Un guide visuel pour comprendre le problème

Le but de ce texte est de présenter un "guide visuel" qui peut aider une personne qui n'est pas dans le domaine des chiffres à comprendre le risque qu'elle court en croyant à la possibilité de traitements "alternatifs" (pour ainsi dire) dans cas de contamination au SARS-CoV-2 et développement du COVID-19. Compte tenu de la proposition, la lecture du texte lui-même doit être comprise presque comme s'il s'agissait d'une grande légende pour les figures (que je laisse donc sans légende). Cependant, avant d'aborder le problème lui-même, je pense qu'il est important de présenter certains chiffres. Alors …

quelques chiffres préliminaires

À la date actuelle (12 mars 2021), nous avons 118 millions de cas de COVID-19 dans le monde, représentant 2 millions et 600 11 décès. Le Brésil compte 200 millions et 270 7 cas, avec 212 1 décès. La population mondiale est d'environ XNUMX milliards d'habitants, celle du Brésil, de XNUMX millions. En d'autres termes, ceux-ci semblent ne rapporter que des chiffres. La figure XNUMX illustre les relations de « taille » entre ces nombres.

Figure 1

Dans la figure 1, nous voyons que le Brésil a une population d'environ 3 % de la population mondiale et contribue (si c'est le bon terme) à 9 % du nombre total de cas et de décès dus au COVID-19. C'est à dire, Le Brésil a une participation à la pandémie actuelle 3 fois supérieure à ce qu'il aurait en proportion de sa population !

Ce seul fait, issu de chiffres très simples et évidents, devrait suffire à embarrasser et déclencher des actions efficaces de la part de ceux qui ont pris la tête du gouvernement fédéral, sinon par responsabilité, du moins par honte.

Nos prochains numéros proviennent de l'État de São Paulo[I]. La figure 2 illustre, en violet, la répartition approximative des cas de COVID-19 dans les populations de moins et de plus de 65 ans en SP. Notez qu'il existe une légère différence dans le pourcentage de cas déclarés entre ces deux groupes.
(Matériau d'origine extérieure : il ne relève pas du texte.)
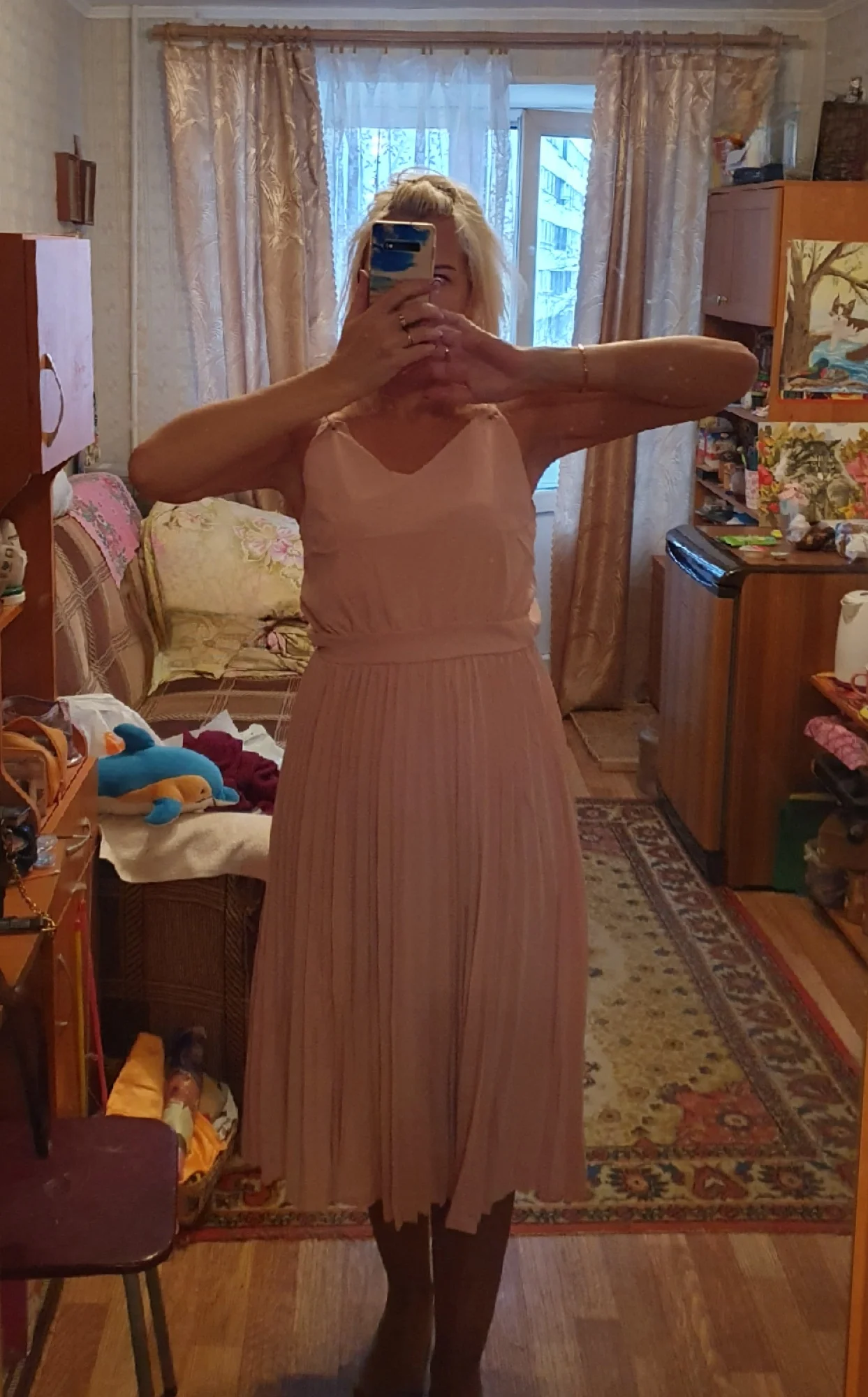 Платье соответствует описанию продавца. Опираясь на предыдущие отзывы, заказала на размер больше, в итоге платье большевато, но не критично. Подклада нет, но не заметила, чтобы платье просвечивало. Доставка на 3 недели меньше от заявленной! Спасибо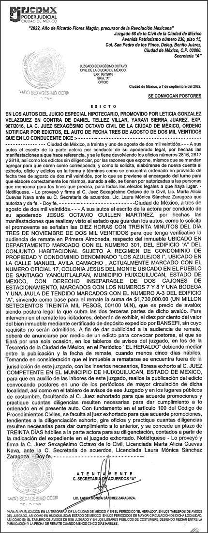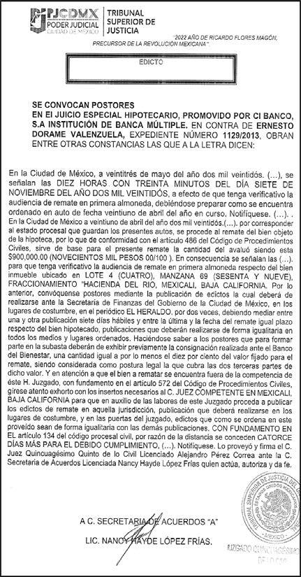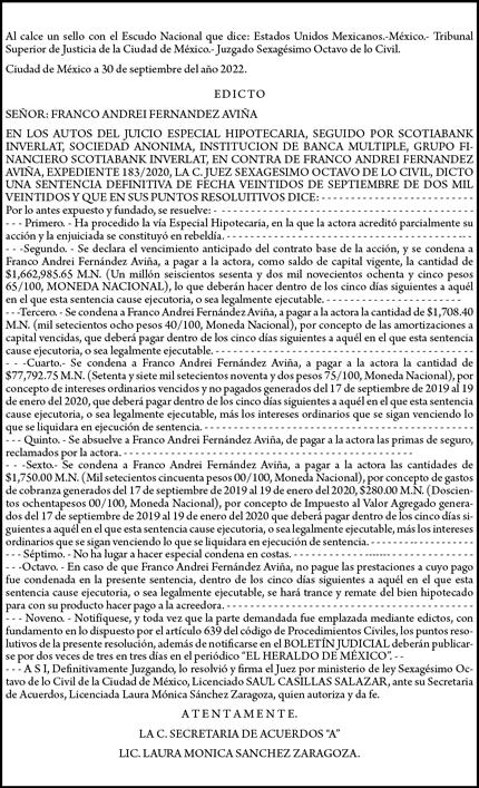 Diario El Heraldo de México. Editor responsable: Alfredo González Castro. Número de Certificado de Reserva otorgado por el Instituto Nacional del Derecho de Autor 04-2009-060419022100-101. Número de Certificado de Licitud de título y Contenido No.16921. Domicilio de la Publicación: Paseo de la Reforma No. 250, Piso 24, Colonia Juárez, Del. Cuauhtémoc, C.P. 06600, Ciudad de México. Imprenta: Impresora de Periódicos Diarios, S. de R.L. de C.V., con domicilio en Acalotenco No. 80, Colonia Barrio Santo Tomás, Azcapotzalco, Ciudad de México, C.P 02040. Publicación Diaria. Todos los derechos están reservados. Queda estrictamente prohibida la reproducción total o parcial de los contenidos e imágenes de esta publicación sin previa autorización de El Heraldo de México. El contenido de los artículos es responsabilidad exclusiva de los autores.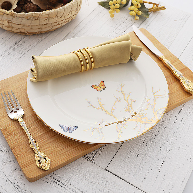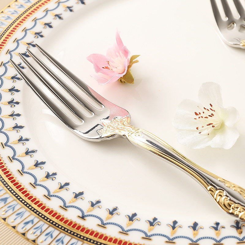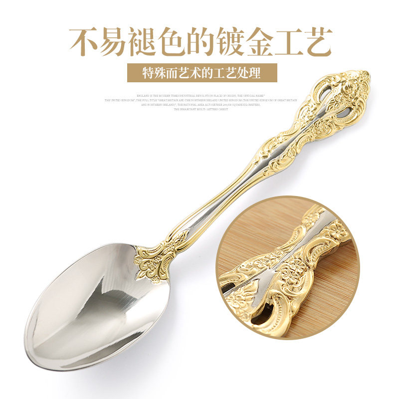 Western-style tableware set stainless steel steak knife fork spoon three-piece set European retro gold main meal knife fork small soup spoon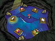 地底の湖にドッシーがいます。プレイヤーはドッシーの背中でヒップドロップをしてドッシーにアイテムを拾ってもらってください。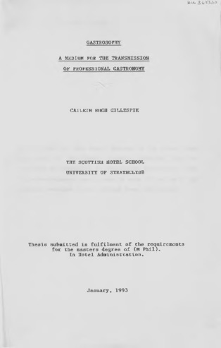 Gastrosophy : a medium for the transmission of professional gastronomy
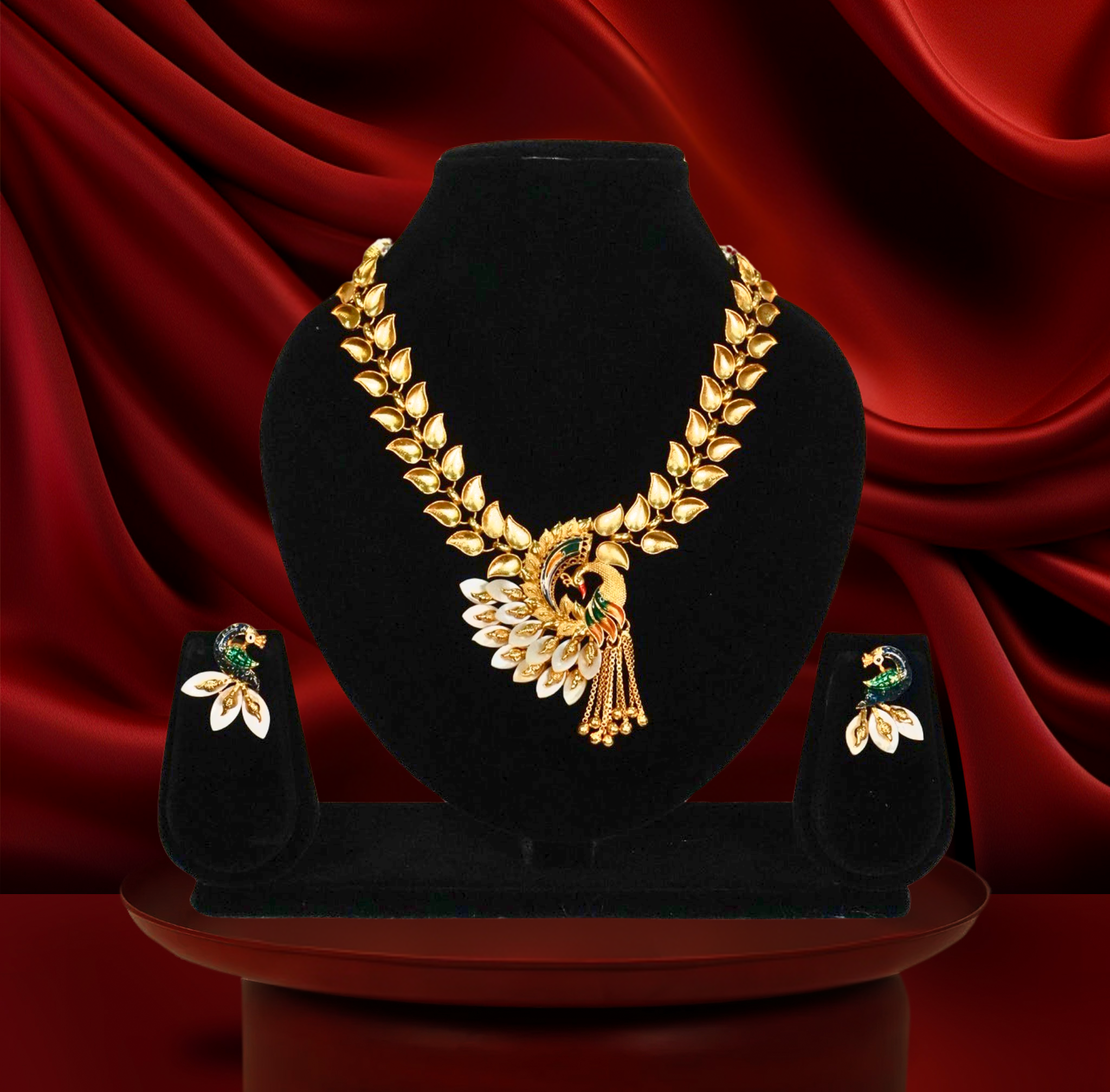 24k gold plated peacock shell necklace set – traditional ethnic jewellery for wedding & festive wear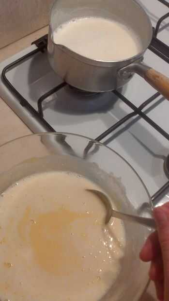 • Cuando está muy caliente (cuidado, no hirviendo!), agregar en el recipiente. Mezclar todo junto.
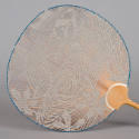 DescriptionWood hand fan, intricate design of swirling lines and shapes woven into fan with grey cut-outs, outer edge of fan is dark blue, handle of fan is light colored wood.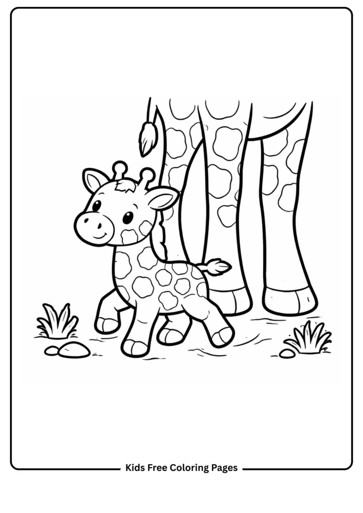 This adorable page shows a baby giraffe taking its first steps, with its mom nearby for support. The wobbly legs and encouraging mom teach kids about animal growth and parental care.

Les chiffres indiquent la population totale de chaque groupe d'âge. Je fais cette distinction entre plus et moins de 65 ans juste pour signaler aux plus jeunes que les problèmes dont nous allons parler plus tard ne sont pas spécifiques aux « personnes âgées ». Comme on le verra, le cou de tout le monde est en jeu. La question avec laquelle je vous laisse, à la fin, c'est à qui donneriez-vous le loquet à guillotine... alors passons au problème.

Figure 2

Le docteur cousin et la mauvaise question

Une personne, voulant se débarrasser du « nouvel anormal » pour revenir à « l'ancienne normalité », demande à son cousin médecin : si j'ai le COVID-19, dois-je prendre le médicament « A » ?

Le cousin docteur répond : J'ai eu quatre patients qui l'ont pris et se sont améliorés.

La personne est satisfaite et revient à « l'ancienne normalité ».

Ce que je viens de décrire est anecdotique, mais cela devrait être très similaire aux événements que vous avez vécus (si vous n'êtes pas la personne ou le cousin médecin).

Ce remède « A » peut être n'importe lequel des médicaments ou conduites sans aucun support technique qui ont été propagés pendant un certain temps par des groupes de personnes sans la moindre formation pour de telles déclarations. Cela n'a pas d'importance.

Le premier point qui nous intéresse est la question de la personne. Face à la décision qu'elle avait, après la réponse, de revenir à la "vieille normalité", il est clair que la question qui aurait dû être posée n'est pas celle qui l'était. La vraie question était : si j'ai le COVID-19 et que je prends le médicament « A », vais-je aller mieux (ou ne vais-je pas mourir ou n'avoir pas de séquelles) ?

Pourquoi la personne ne pose-t-elle pas cette question ? La raison pour laquelle les gens ne posent pas la vraie question qu'ils veulent poser est que, à partir de cette question, ils connaissent déjà les réponses et l'honnêteté associée aux réponses. Donc, une réponse honnête que le cousin peut donner est "je ne sais pas". Vous ne savez pas car il n'existe aucun traitement (pour aucune maladie) qui puisse garantir une efficacité à 100%. Mais « je ne sais pas », la personne le sait déjà, et la réponse ne lui apporte donc aucune information.

En revanche, le cousin pourrait répondre « non ». C'est aussi une réponse honnête aux études sur ces médicaments « A » qui ont été promus. Cependant, cette réponse ne permettra pas un retour à « l'ancienne normalité ».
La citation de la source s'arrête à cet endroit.